Exemplary Images and Depth Maps
[0122] FIGS. 10A through 10D are screenshot diagrams depicting an
image 1000 captured without a light pattern, a depth map 1010
corresponding to the image 1000, an image 1020 captured with a
light pattern 1040, and a depth map 1030 corresponding to the image
1020, respectively, according to selected embodiments. The image
1000, the depth map 1010, the image 1020, and the depth map 1030
are of a power adapter with a relatively smooth, untextured surface
that may present challenges for depth map generation.
[0123] FIG. 10A illustrates the image 1000, which is in grayscale.
FIG. 10B illustrates the depth map 1010 for the image, which is
also in grayscale, with darker portions relatively closer to the
camera 200 than lighter portions. As shown, the body of the power
adapter does not show a gradual increase in depth toward the far
corner, as would be expected. Rather, there are some unexpected
discontinuities and artifacts present, and the depth map 1010 does
not accurately represent depth information for the scene, limiting
its usefulness in subsequent depth-based processing of the
image.
[0124] FIG. 10C illustrates the image 1020, which is in grayscale,
with a light pattern 1040 like that of FIG. 7C projected into the
image 1020 so as to alleviate the problems seen in the examples of
FIGS. 10A and 10B. As shown in FIG. 10C, the light pattern 1040
adds visible texture to the surfaces of the power adapter,
facilitating more accurate depth assessment.

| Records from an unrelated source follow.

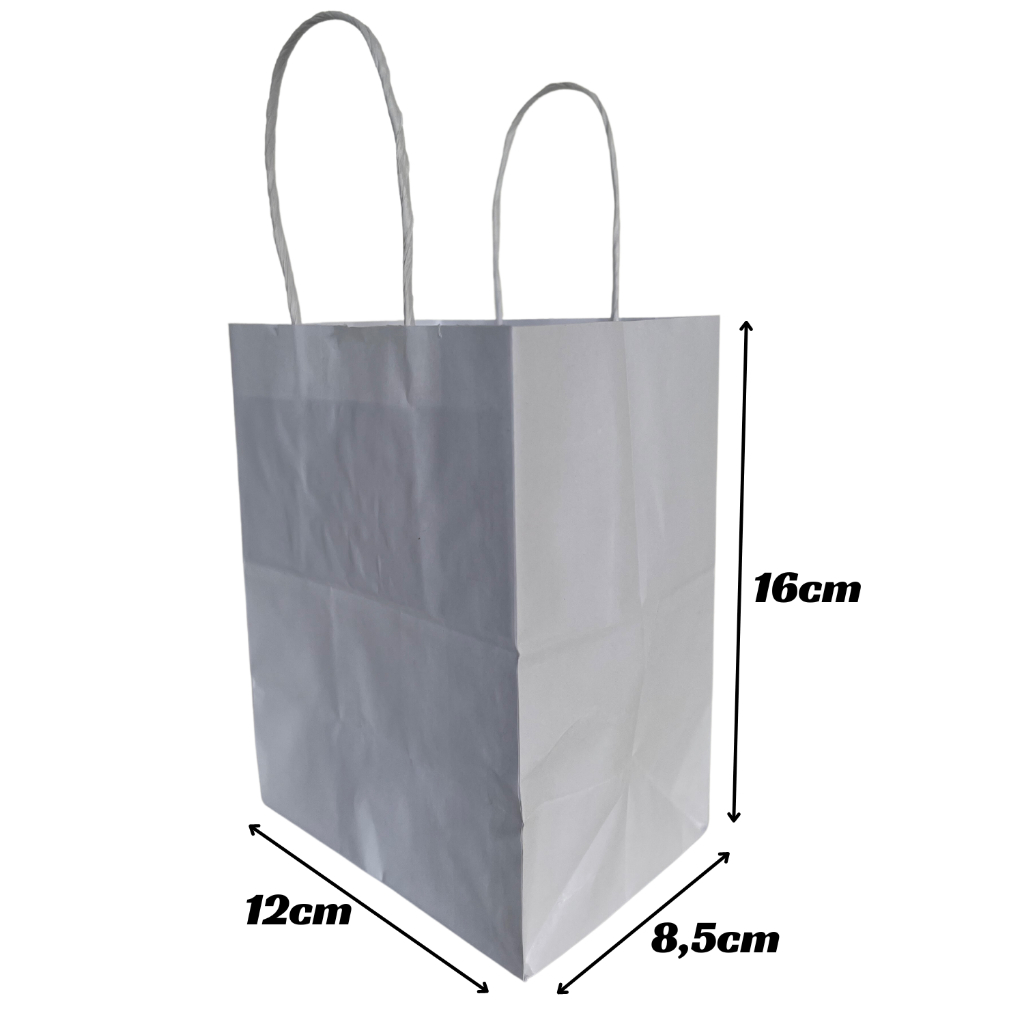 Sacola Papel Kraft Branca Pequena 12x8,5x16 Loja Presente Lembrancinha Semijoias Acessórios Doces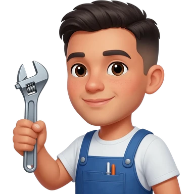 Young Hispanic plumber with short hair with a line up and a pipe wrench in is hand emoji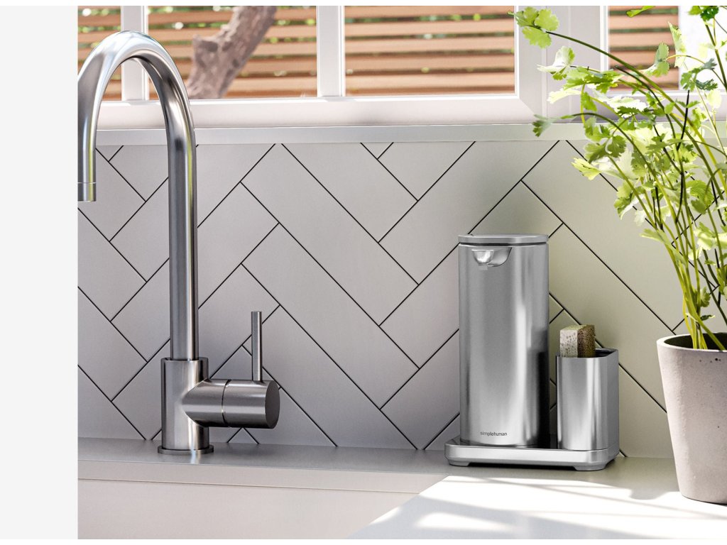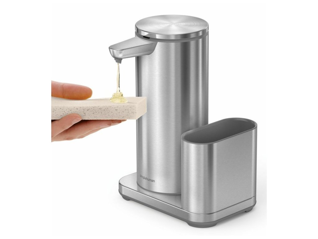 Senzorový dávkovač mydla Simplehuman s nerezovým držiakom na hubku s objemom 414 ml zatočí v kuchyni či kúpeľni s baktériami. S týmto prístrojom už nemusíte siahať na kocku mydla či klasický pumpovací typ. Jednoducho len nastavte dlaň a senzor vám podá presnú dávku mydla.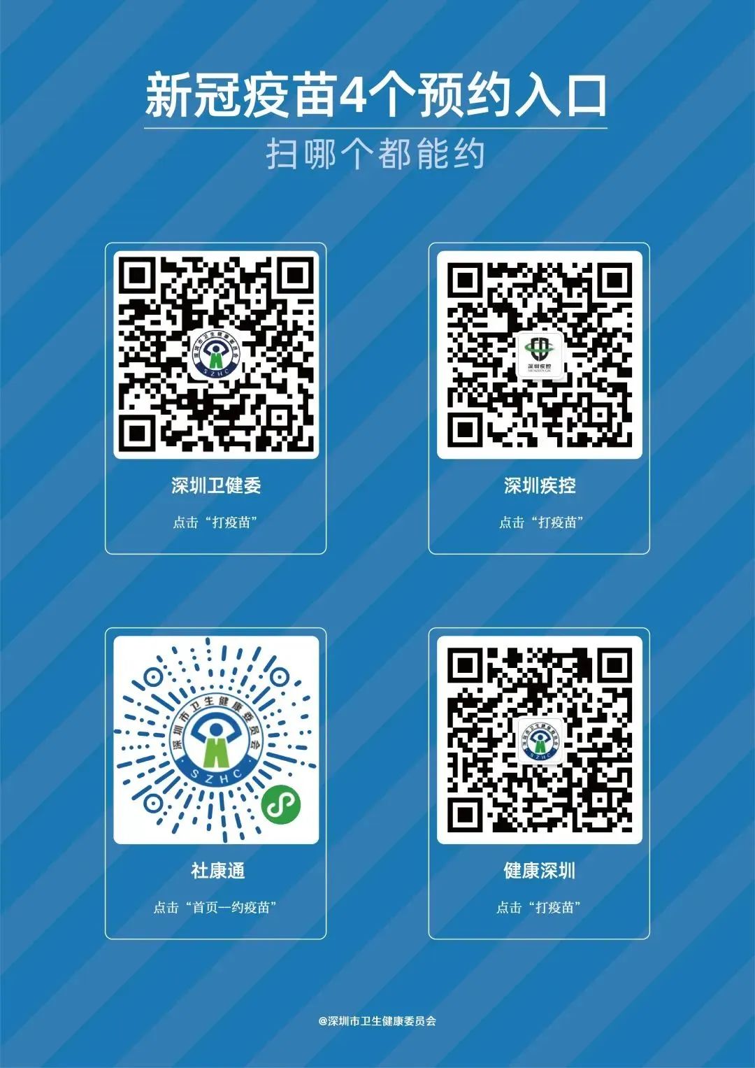 有需要打新冠疫苗的市民,可以通过“深圳卫健委”“深圳疾控”“健康深圳”微信公众号,或“社康通”小程序进行预约。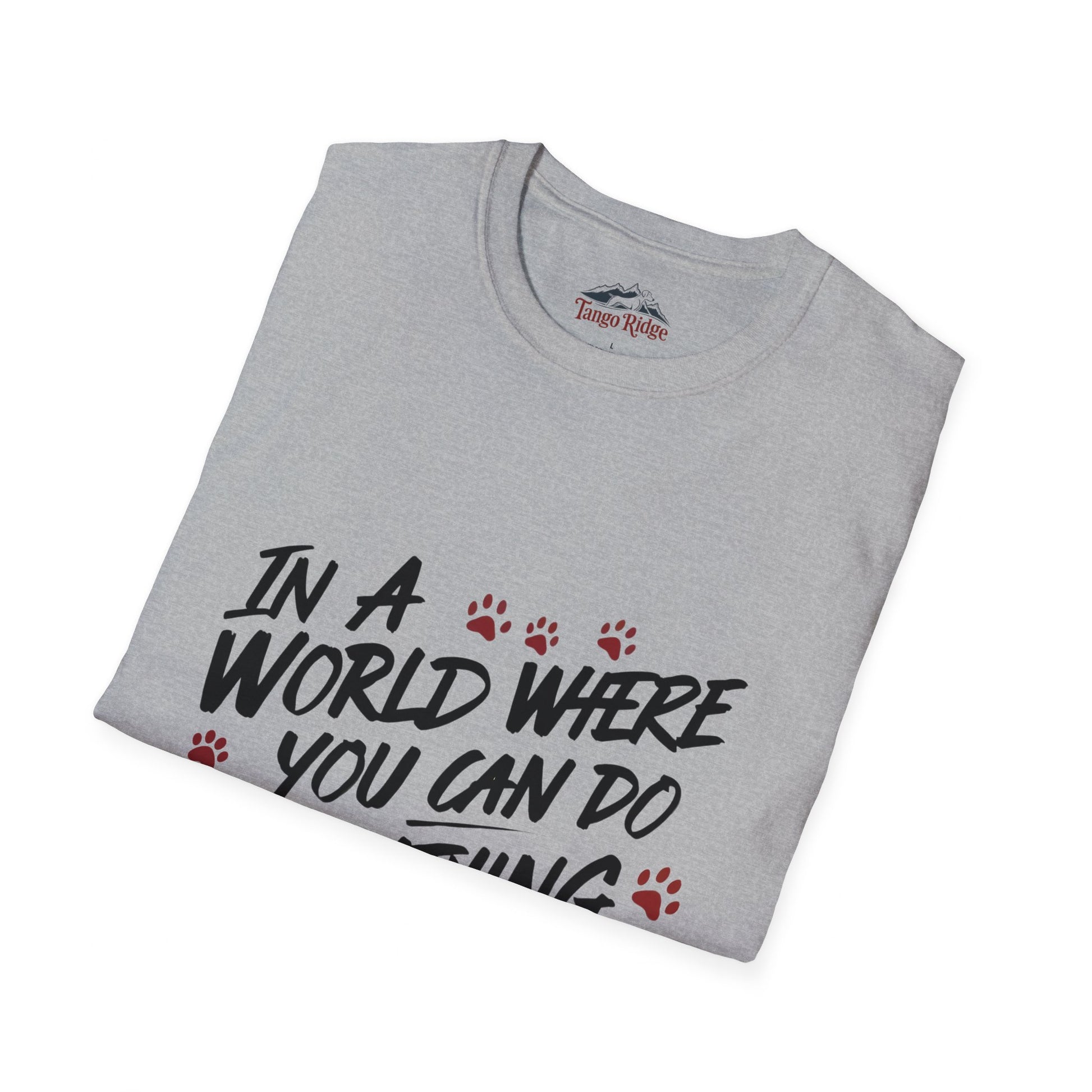 Inspire Action: The phrase "In a World Where You Can Do Anything, Rescue" encourages everyone to choose compassion and take action to rescue animals. This tee is perfect for spreading a powerful message of love and rescue.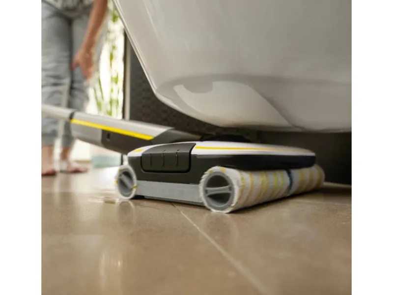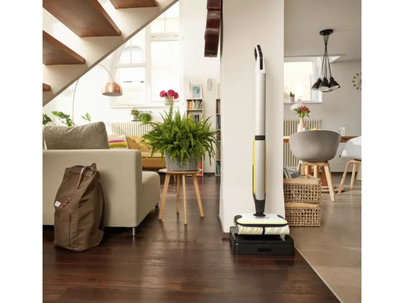Der FC 7 kann von selbst stehen, sodass du auch kurze Pausen einlegen kannst. Dank des flexiblen Gelenks gelingt auch das Wischen unter Möbeln mühelos. Die praktische Reinigungsstation erleichtert dir die Entnahme und Trocknung der Walzen und bietet zudem eine praktische Aufbewahrung für Zubehöre. Die Akkus lassen sich austauschen und können auch für andere 4 V Battery Power-Geräte von Kärcher eingesetzt werden.

FIG. 10D illustrates
the depth map 1030 that corresponds to the image 1020. As shown,
the depth map 1030 is relatively continuous along the surfaces of
the power adapter, showing a gradient indicative of gradually
increasing depth toward the far corner of the power adapter.
Features of the power adapter such as the prongs are relatively
distinct. There are no significant artifacts. Thus, this depth map
1030 is better suited to facilitate depth-based processing of the
image 1020, generation of a three-dimensional model of the power
adapter, and/or the like.
[0125] FIGS. 11A through 11D are screenshot diagrams depicting an
image 1100 captured without a light pattern, a depth map 1110
corresponding to the image 1100, an image 1120 captured with a
light pattern 1140, and a depth map 1130 corresponding to the image
1120, respectively, according to selected embodiments. The image
1100, the depth map 1110, the image 1120, and the depth map 1130
are of a human face, illustrating the ability of the system and
method of the present disclosure to generate accurate depth
information for more complex objects.
[0126] FIG. 11A illustrates the image 1100, which is in color. FIG.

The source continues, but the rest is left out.